By allowing the plug to expand outwardly due to the compressive forces which are exerted upon it, the frictional forces between the plug and inner surfaces 19a, 12a and 94 are reduced. This reduction in pressure prevents or, in combination with the temperature moderation, assists in preventing, the hornification of the alpha cellulose as it passes downstream through the feeder apparatus to reactor 14. If the step outs are too large and/or the inner surfaces are tapered at too great an angle, then the plug may not expand all the way to the inner surfaces. If the plug does not contact a sufficient portion of inner surfaces 19a, 12a and/or 94, then the pressure in reactor 14 may be able to expand upstream through the feeder apparatus causing a blow out. Further, if the reactor is at an elevated temperature such as above about 80 , then there may be insufficient cooling of the plug due to the gap between the outer surface of the plug and inner surfaces 19a, 12a and/or 94. This may cause the temperature of the plug to increase past the hornification point. Accordingly, the degree of cooling and the relief of pressure must be balanced to ensure that reactor 14 does not suffer from a blow back or other pressure loss while ensuring that the cellulose does not exceed its hornification point.

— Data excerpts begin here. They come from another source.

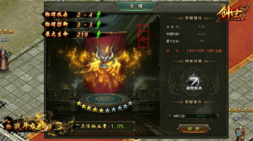 荣耀晋升从一阶开始就需要消耗10万元宝,听起来很吓人对不对,但是在《热血战歌创世》里,这些元宝都是毛毛雨,几件装备回收就能海赚一大笔。备足元宝后,点击【提升】,系统便会自动升级,升级后提升物理攻击、物理防御以及最大生命三种属性,同时战斗力也会得到很大升华。随着等阶的逐渐晋升,消耗元宝数量也会逐渐增多,所以小伙伴们切记一点“多刷怪、多爆装”,毕竟没有什么比回收装备换取金钱更容易了。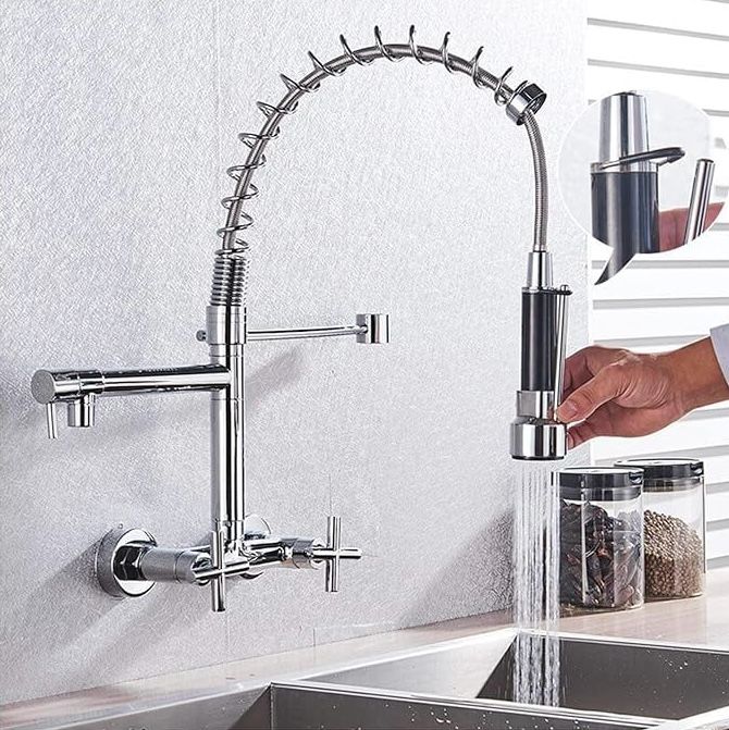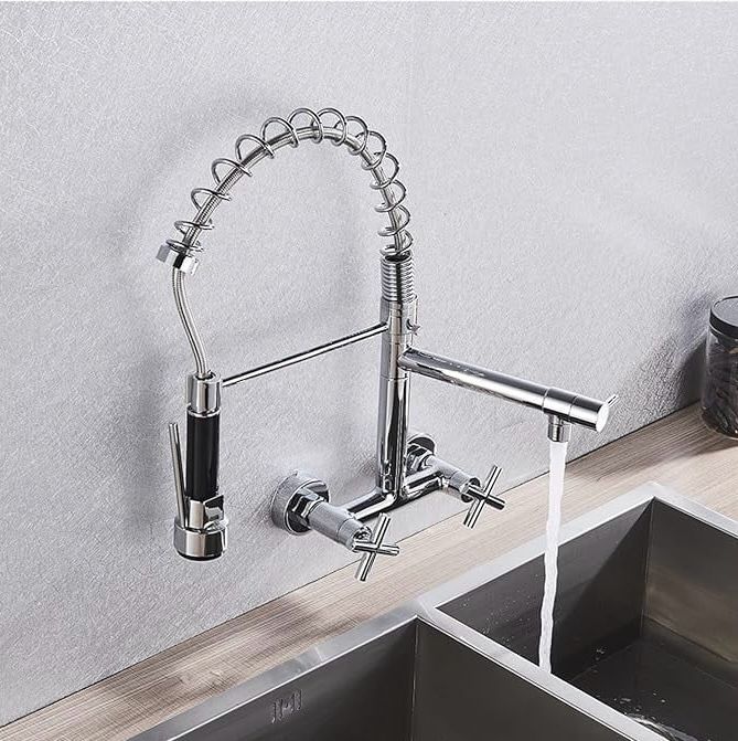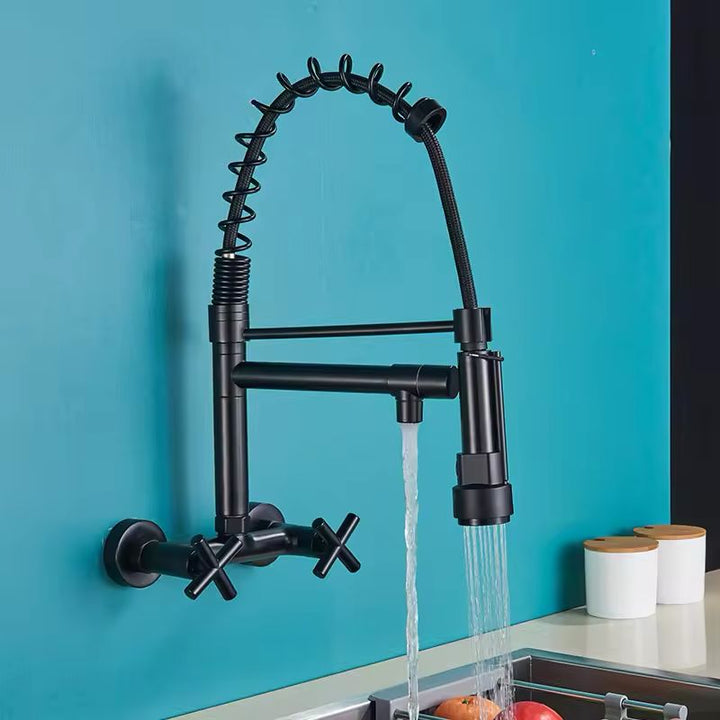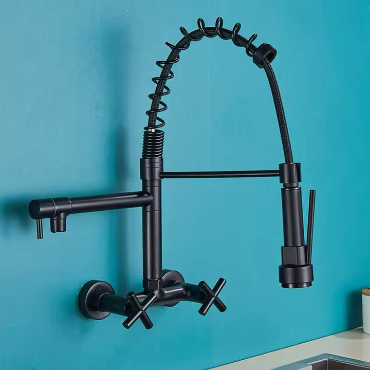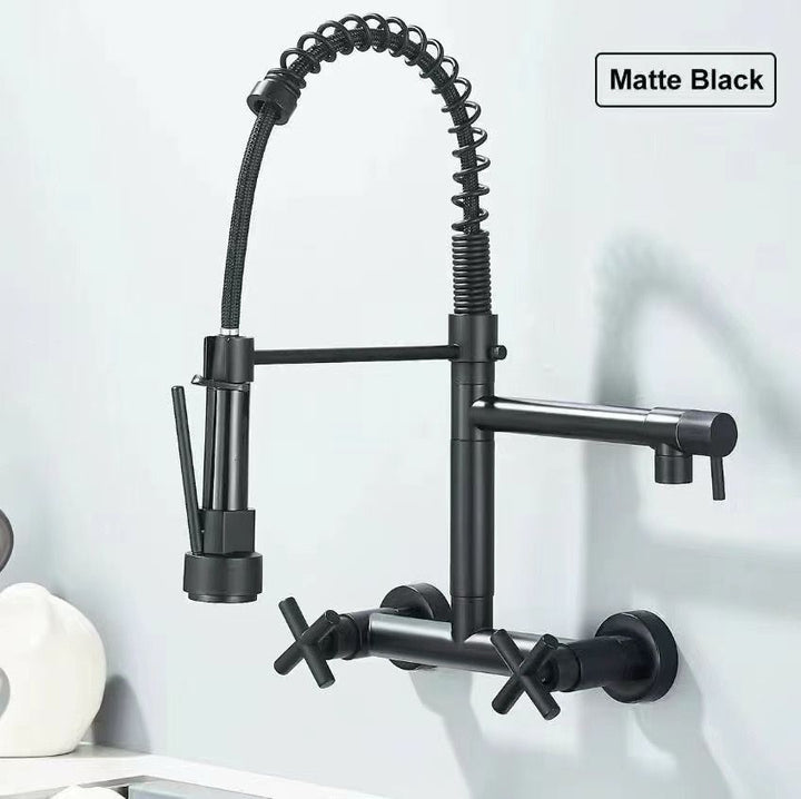 Upgrade your kitchen with this versatile wall-mounted pull-down faucet featuring dual swivel spouts and a sleek, modern design.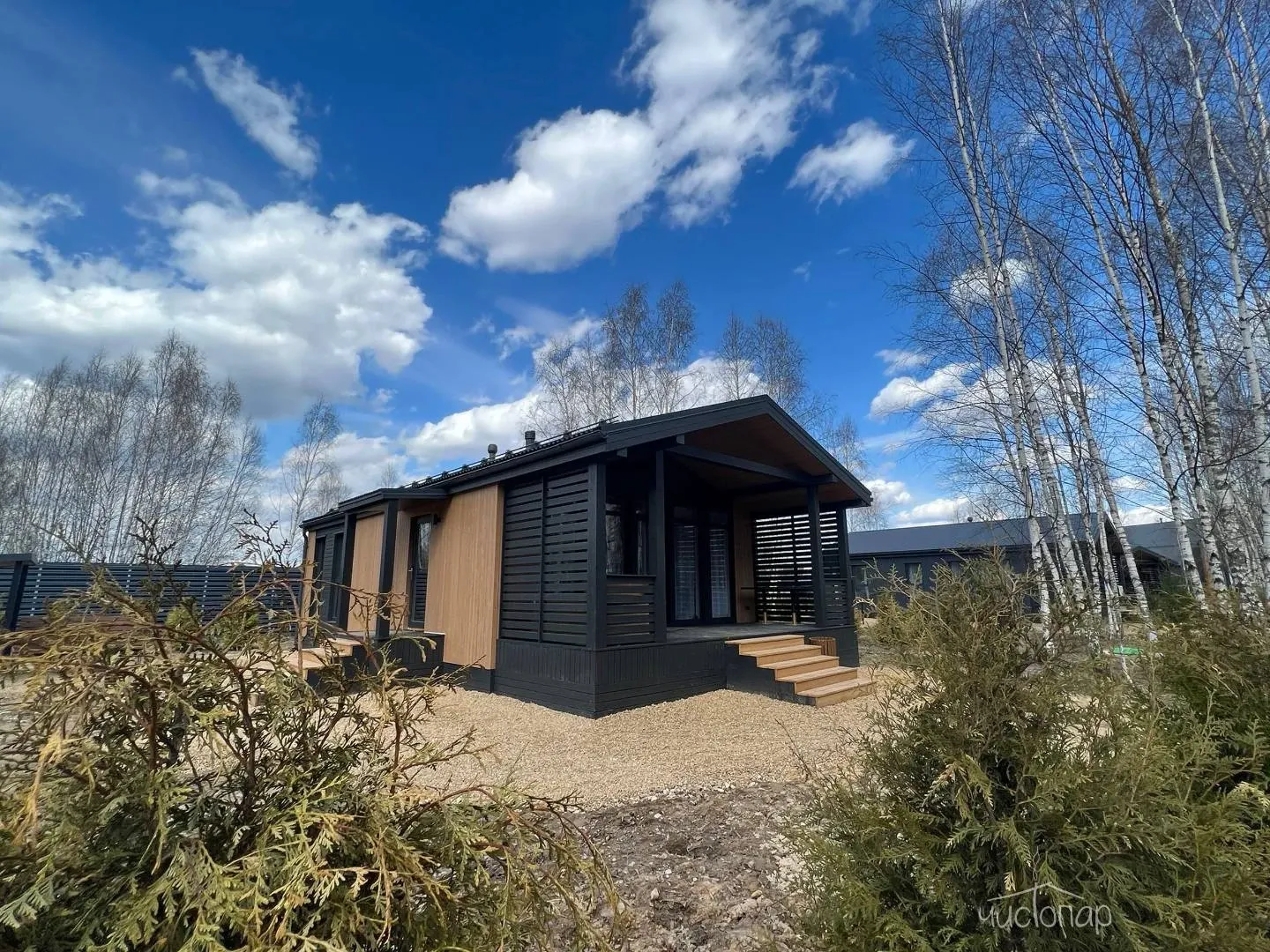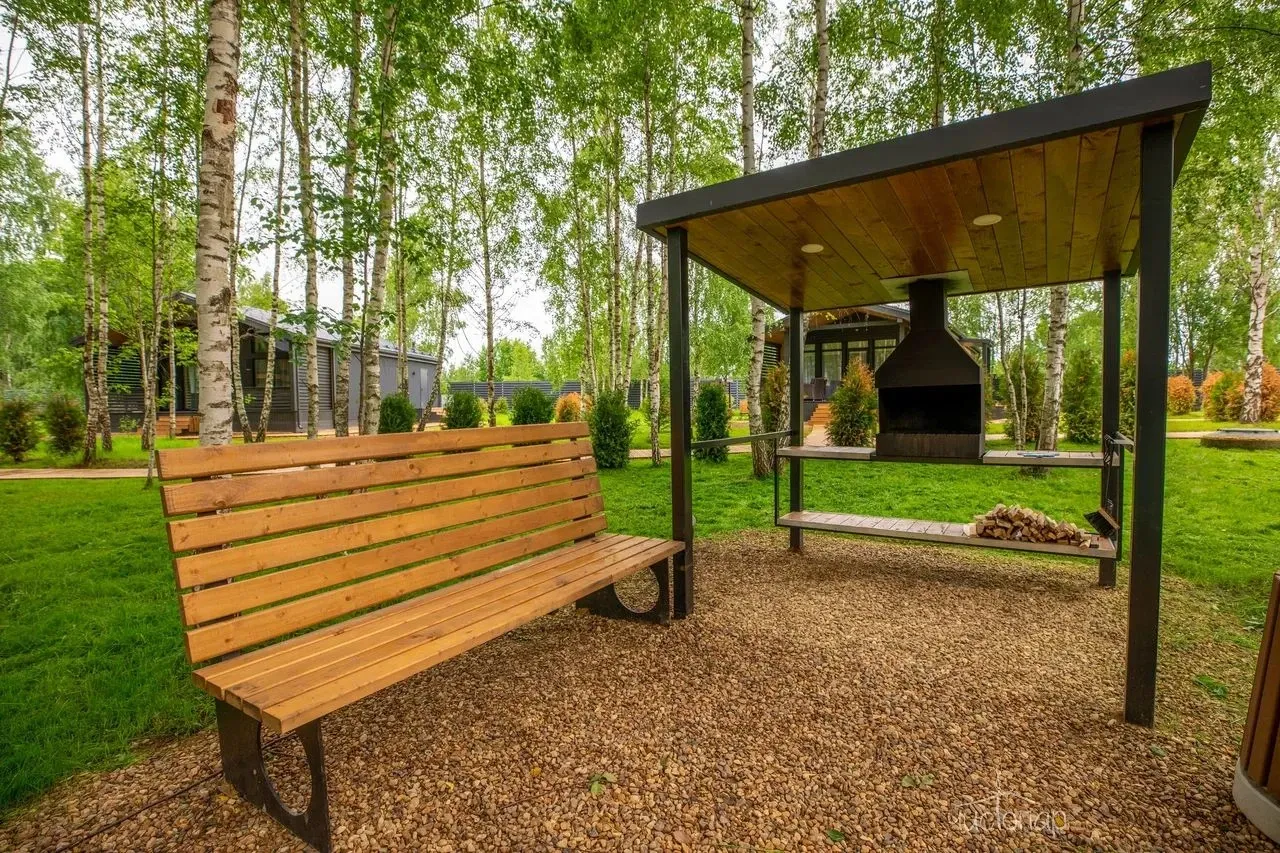 Все коттеджи оборудованы собственной мангальной зоной с углями, очагом и скамейками.

It will be appreciated by those skilled in the art that the various modifications may be made to the feeder apparatus and all are within the scope of this invention. In particular, it is noted that, for example, inner surface 12a at a position intermediate inlet 11 and outlet 13, may be provided with a step out. Similarly inner surface 54 may be provided with a step out at an intermediate portion thereof.
Further only a portion of one or more of the inner surfaces 12a, 19a and 94 may be tapered.
Claims (26)
1. A method for feeding a mass of material comprising at least 90% alpha cellulose to a reactor which operates at a pressure greater than atmospheric pressure and in which the mass of material is exposed to an activation agent comprising the steps of feeding the mass of material to the reactor using an auger and piston feeder and subjecting the mass of material to pressures and temperatures sufficient to deliver the mass of material to the reactor through the auger and piston feeder and below the pressure and temperature at which hornification of the mass of material occurs.
2. The method of claim 1 wherein the temperature of the mass of material is maintained below its sintering temperature to prevent hornification of the mass of material.
3. The method of claim 2 wherein the mass of material is maintained at a temperature below its sintering temperature by cooling at least a portion of the surfaces of the feeder which are in contact with the mass of material.
4. The method of claim 1 wherein the mass of material is maintained at a temperature below its sintering temperature by cooling at least a portion of the surfaces of the feeder at which the mass of material is initially compacted.
5. The method of claim 4 wherein the feeder comprises a first conduit provided with a screw conveyor, a reciprocating annular piston coaxial with and disposed in the first conduit, and a second conduit extending from the first conduit towards the digester, the method comprising the step of cooling one or more of the first conduit, the screw conveyor, the piston and at least the upstream end of the second conduit.
6. The method of claim 4 wherein the feeder comprises a first conduit provided with a screw conveyor and having a discharge end, an intermediate chamber at the discharge end of the first conduit, a reciprocating annular piston coaxial with and disposed in the intermediate chamber, and a second conduit extending from the intermediate chamber towards the digester, the method comprising the step of cooling one or more of the first conduit, the intermediate chamber, the screw conveyor, the piston and at least the upstream end of the second conduit.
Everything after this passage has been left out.